A projectile is launched from the top of a cliff that is 65 m above ground level. The projectile is launched with an initial speed of 27 m/s at an angle of 36 degree below the horizontal. When the horizontal distance of the projectile from the cliff is 42 m. answer the following questions. How high above the ground is the projectile? What are the horizontal and vertical components of the velocity of the projectile? What are the magnitude and direction of the velocity of the projectile?

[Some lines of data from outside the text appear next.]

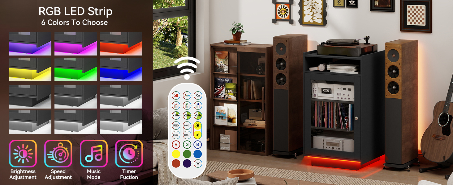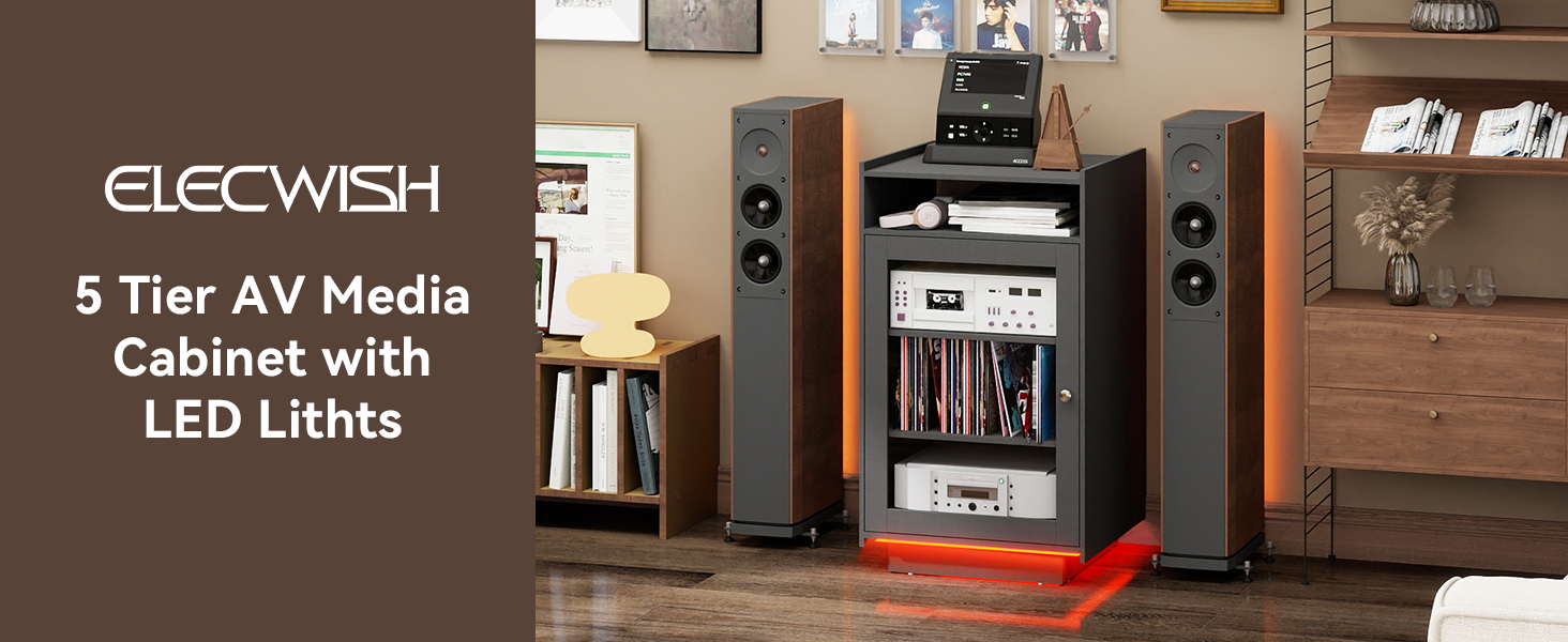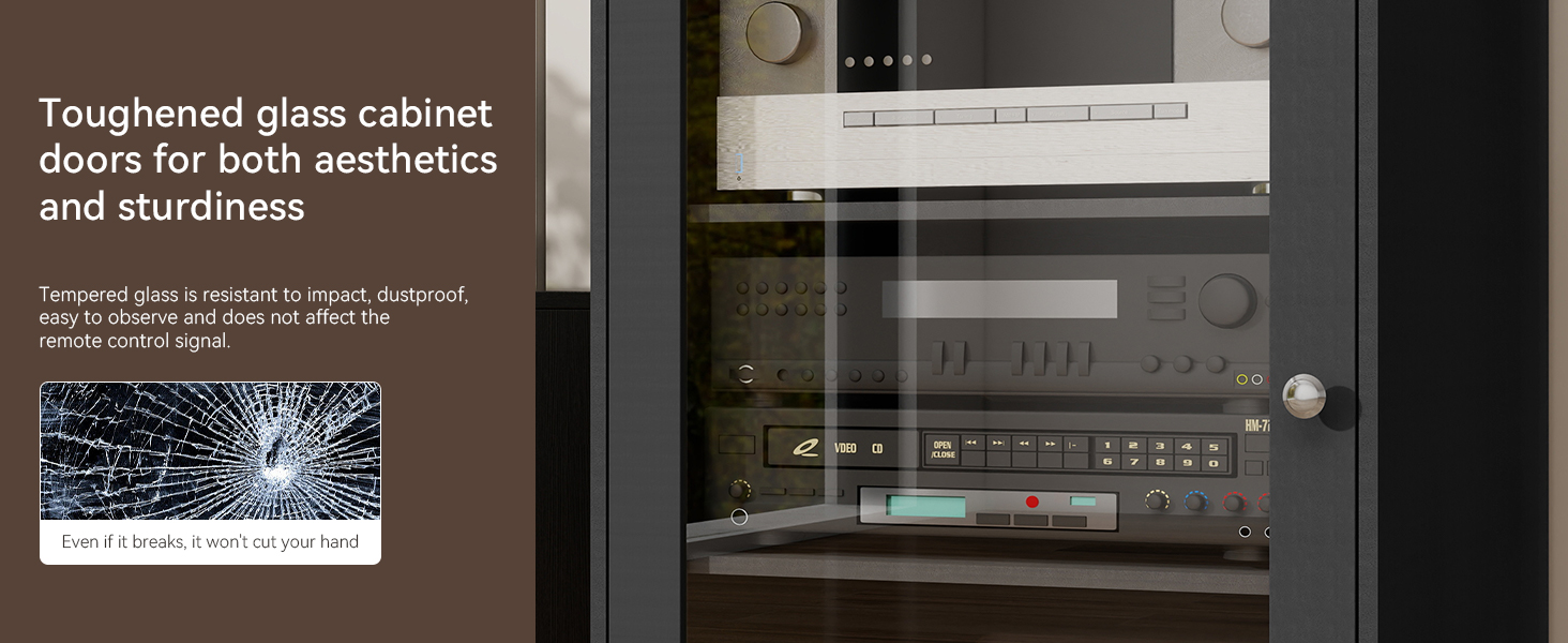【5-Tier Large Capacity】This media stand offers 5 adjustable shelves, creating abundant open storage for your AV gear. Securely organize amplifiers, turntables, receivers, and game consoles behind a dust-resistant tempered glass door.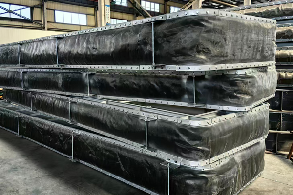 本文中所展示的圖片是我們翔盛環(huán)保科技公司近期正在為山東客戶生產(chǎn)制作的一批矩形非金屬補償器(矩形非金屬膨脹節(jié))。非金屬補償器通常由纖維織物蒙皮(硅膠為紅色、氟膠為黑色)與管道接口形狀相同的金屬框架、以及其它的結構件所組成。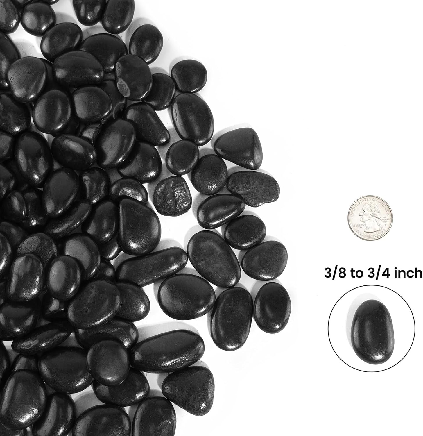 6 LBS River Rocks, StoneCreek, Decorative Garden Stones for Plant Landscaping, Polished Gravel Filler Pebbles for Home Decoration, Vases, Succulents, Flower Beds and Fish Tanks (Black, Medium)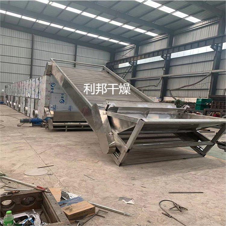物料由加料器均勻地鋪在網(wǎng)帶上,網(wǎng)帶采用12-60目不銹鋼絲網(wǎng)。由傳動(dòng)裝置拖動(dòng)在干燥機(jī)內(nèi)移動(dòng)。干燥機(jī)由若干單元組成,每一單元熱風(fēng)獨(dú)立循環(huán),部分尾氣由專門排濕風(fēng)機(jī)排出,廢氣由調(diào)節(jié)閥控制,熱氣由下往上或由上往下穿過(guò)鋪在網(wǎng)帶上的物料,加熱干燥并帶走水分。網(wǎng)帶緩慢移動(dòng),運(yùn)行速度可根據(jù)物料溫度自由調(diào)節(jié),干燥后的成品連續(xù)落入收料器中。上下循環(huán)單元根據(jù)用戶需要可靈活配備,單元數(shù)量可根據(jù)需要選取。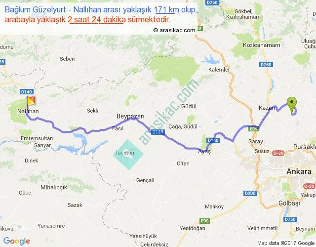 Bağlum Güzelyurt - Nallıhan arası yaklaşık olarak 90 km/h ile yukarıda belirtilen sürede olup, iki yerin kuş uçuşu uzaklığı (mesafesi) 124'dir. Yolculuk otobüsle 3 saat 7 dakika sürmektedir.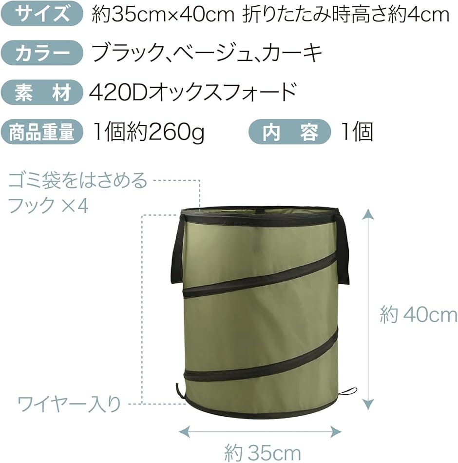 「サイズ」 約35cmx40cm 折りたたみ時高さ約4cm 「カラー」 カーキ 「素材」 420Dオックスフォード 「商品重量」 1個約260g 「内容」 1個

What are the magnitude and direction of the acceleration of the projectile?

Explanation / Answer

here,

12)

height , h = 65 m

initial speed , u = 27 m/s

theta = 36 degree

when x = 42 m

let the time taken be t

x = u * cos(theta) * t

42 = 27 * cos(36) * t

t = 1.92 s

a)

the height of projectile above ground , h' = h- ( u * sin(theta) * t + 0.5 * g * t^2 )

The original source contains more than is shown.